More significantly, by showing a willingness to flesh out the undue burden standard by negative examples as well as positive ones, the Court allowed state lawmakers to escape political pressure to push for restrictions on abortion beyond those specifically approved in Casey. Knowing that abortion is highly salient to voters and knowing that public opinion on abortion has not changed significantly in the past seventeen years most state lawmakers are more than happy to work within the parameters of the Casey template.  For this very reason, neither the nominations of Chief Justice Roberts and Justice Alito nor the Supreme Court’s approval of federal partial-birth abortion legislation in Carhart has fundamentally altered state regulation of abortion. Likewise, the 2008 presidential elections were of only limited significance to state regulation of abortion rights.

Part IV of this Essay will tie these threads together, drawing on the analysis in Part III to make two broader points—one about the Court’s role in the abortion dispute and the other about the advisability of pro-choice and pro-life interests pursuing a legalistic agenda (focusing on legislative enactments and judicial review of those enactments). I will suggest that legislative restrictions on abortion access do not fully explain declines both in the abortion rate and the number of health care providers who perform abortions. Pro-choice and pro-life interests should therefore face facts and stop their incendiary battles over the future of Roe.
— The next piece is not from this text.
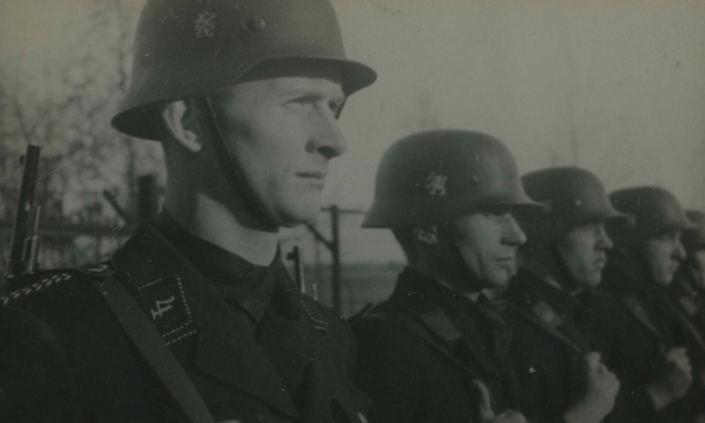 It is known that this type of helmet was worn by members of the Schalkhaar Police and Landwacht Nederland during World War II.

Pro-life interests have nothing to gain by continuing to talk about their movement’s “basic political task” remaining the same and “a post-Roe world remain[ing] in reach”; likewise, pro-choice interests should not worry about pro-life forces returning “a year from now” to “take a direct attack on Roe.” Instead, pro-choice and pro-life interests should turn their attention away from courts and toward the very women who are the target of state regulation.